Name:        quickstart
Media type:  image
Num samples: 200
Persistent:  False
Tags:        []
Sample fields:
    id:                fiftyone.core.fields.ObjectIdField
    filepath:          fiftyone.core.fields.StringField
    tags:              fiftyone.core.fields.ListField(fiftyone.core.fields.StringField)
    metadata:          fiftyone.core.fields.EmbeddedDocumentField(fiftyone.core.metadata.ImageMetadata)
    created_at:        fiftyone.core.fields.DateTimeField
    last_modified_at:  fiftyone.core.fields.DateTimeField
    ground_truth:      fiftyone.core.fields.EmbeddedDocumentField(fiftyone.core.labels.Detections)
    uniqueness:        fiftyone.core.fields.FloatField
    predictions:       fiftyone.core.fields.EmbeddedDocumentField(fiftyone.core.labels.Detections)
    eval_tp:           fiftyone.core.fields.IntField
    eval_fp:           fiftyone.core.fields.IntField
    eval_fn:           fiftyone.core.fields.IntField
    eval_high_conf_tp: fiftyone.core.fields.IntField
    eval_high_conf_fp: fiftyone.core.fields.IntField
    eval_high_conf_fn: fiftyone.core.fields.IntField

Now we can open up our dataset and view are results in the Model Eval Panel!

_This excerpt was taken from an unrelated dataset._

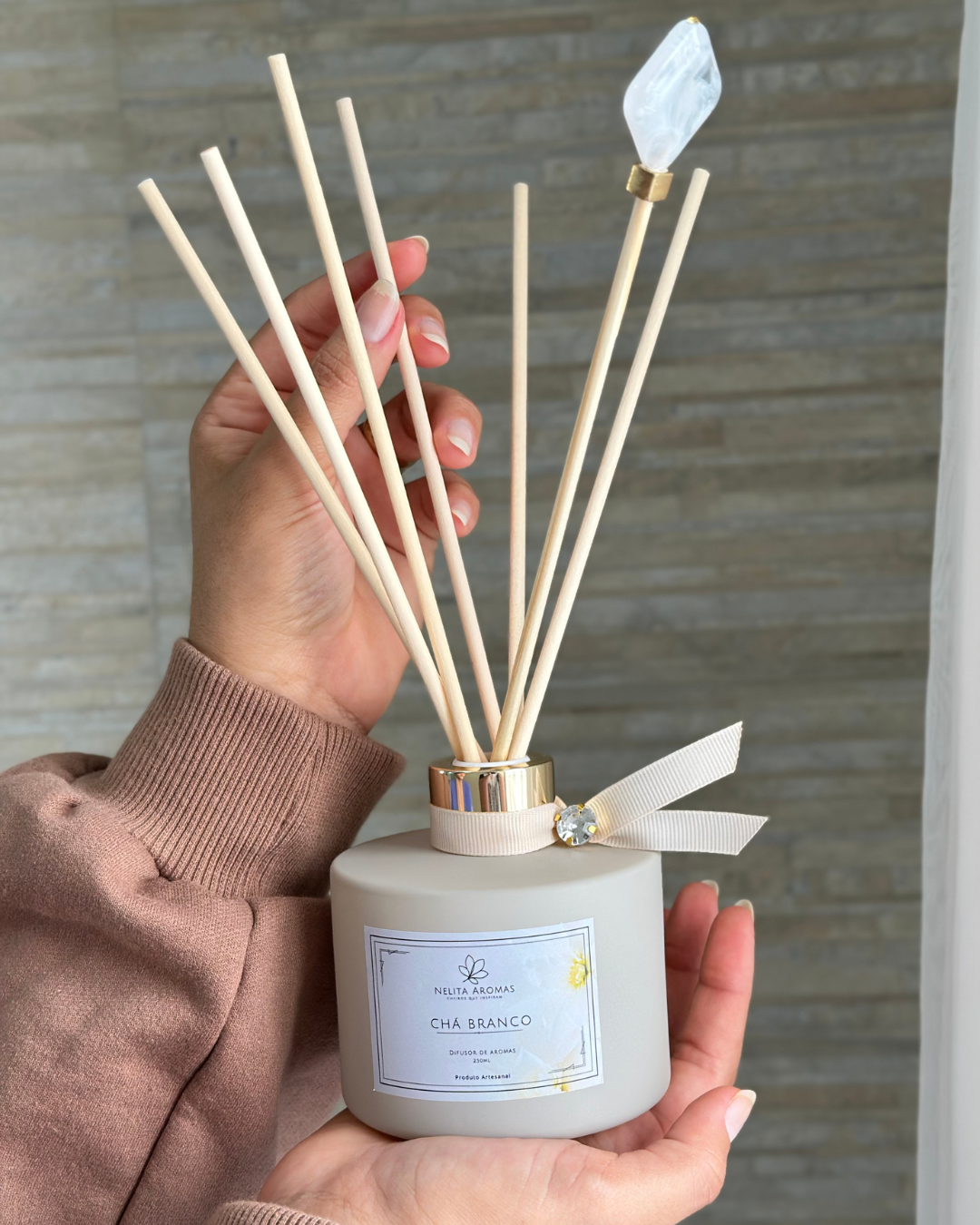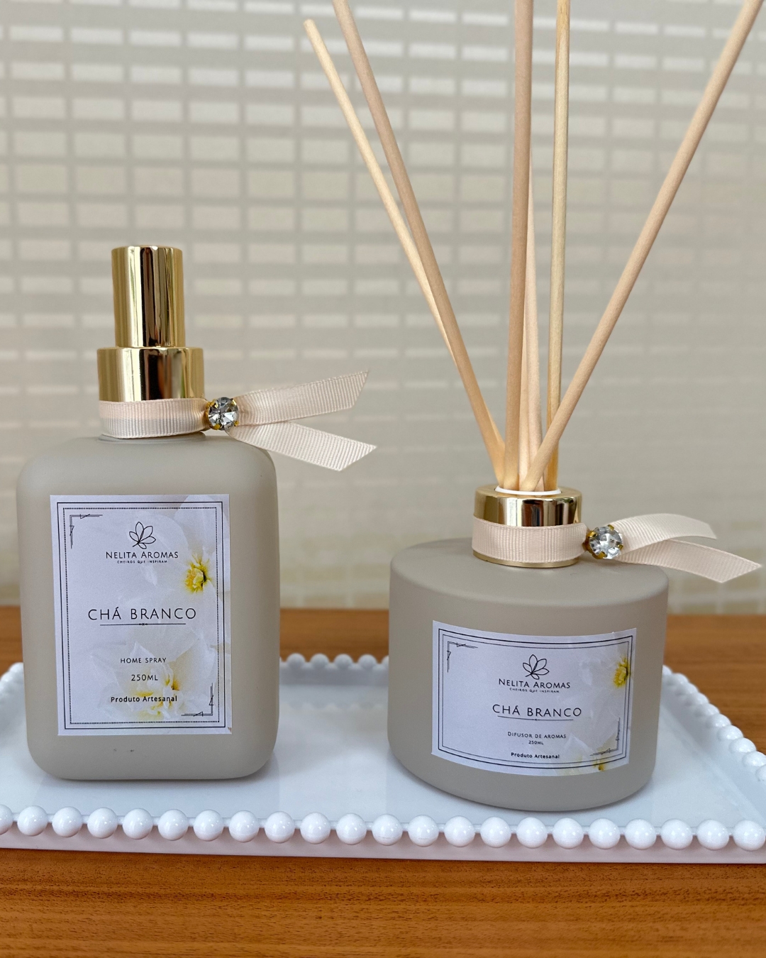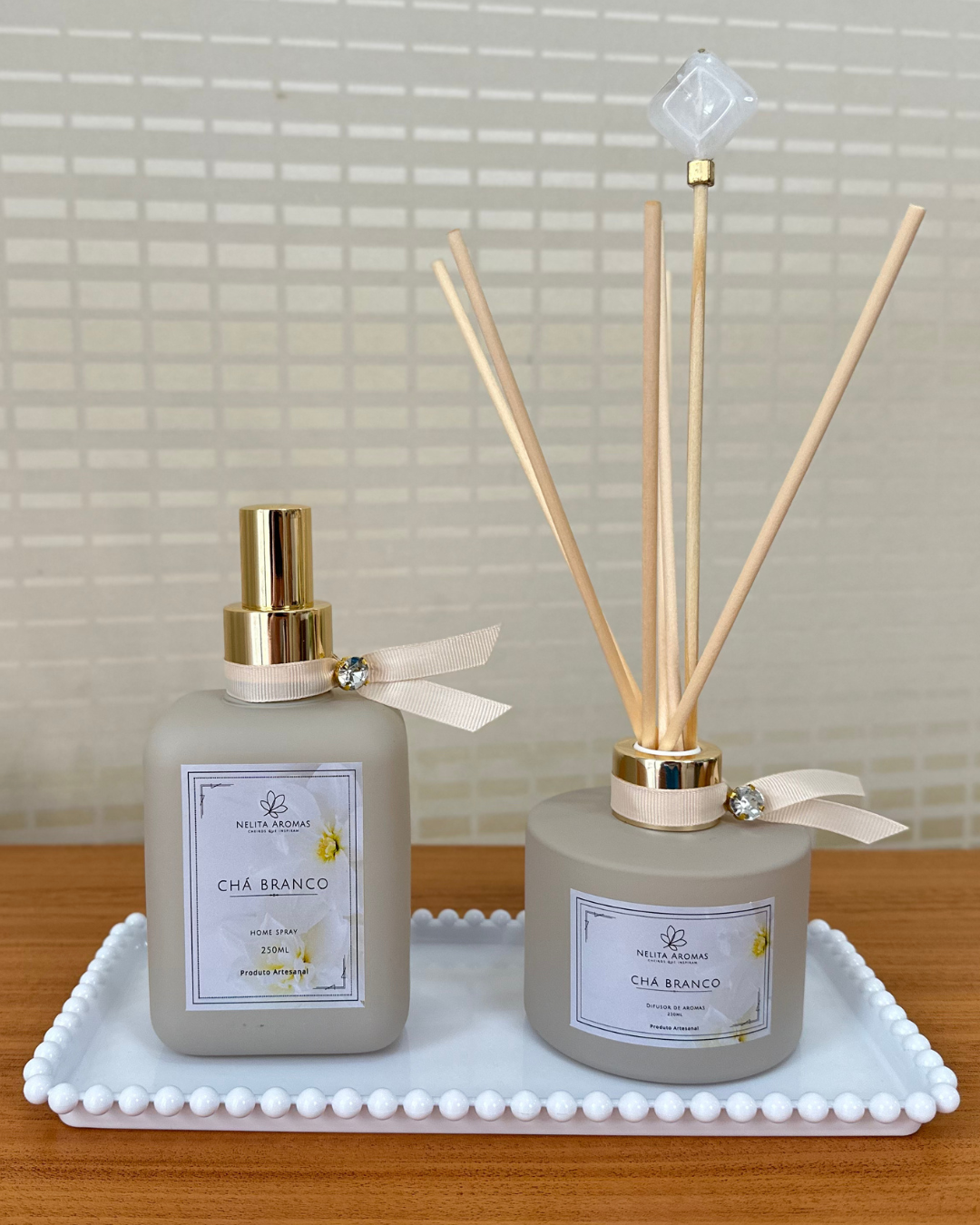 Produzido de forma artesanal, o Kit Chá Branco reflete o cuidado da Nelita Aromas em cada detalhe — da fragrância ao acabamento. Um kit pensado para quem valoriza ambientes leves, organizados e cheios de elegância.

I recommend opening the app in browser for the best experience at http://localhost:5151/!

[ ]:

session = fo.launch_app(dataset)

Explore the Model Evaluation Panel#

Now that you have the Model Evaluation Panel open, you can explore all the powerful features it offers:

Browse evaluation runs: Switch between different evaluation runs (like eval and eval_high_conf) to compare model performance
Analyze metrics: View precision, recall, F1-score, and mAP metrics for your models
Class-wise analysis: Examine performance metrics for individual classes to identify which objects your model struggles with
Confusion matrices: Visualize classification errors and understand common misclassifications
Interactive filtering: Filter your dataset to show only true positives, false positives, false negatives, or specific confidence ranges
Histogram analysis: Explore distributions of confidence scores, IoU values, and other evaluation metrics
Sample-level insights: Click on specific samples to understand why certain predictions were classified as TP, FP, or FN

Take some time to explore these features and gain deeper insights into your model’s performance. The Model Evaluation Panel makes it easy to identify patterns, debug model issues, and make data-driven decisions for model improvement!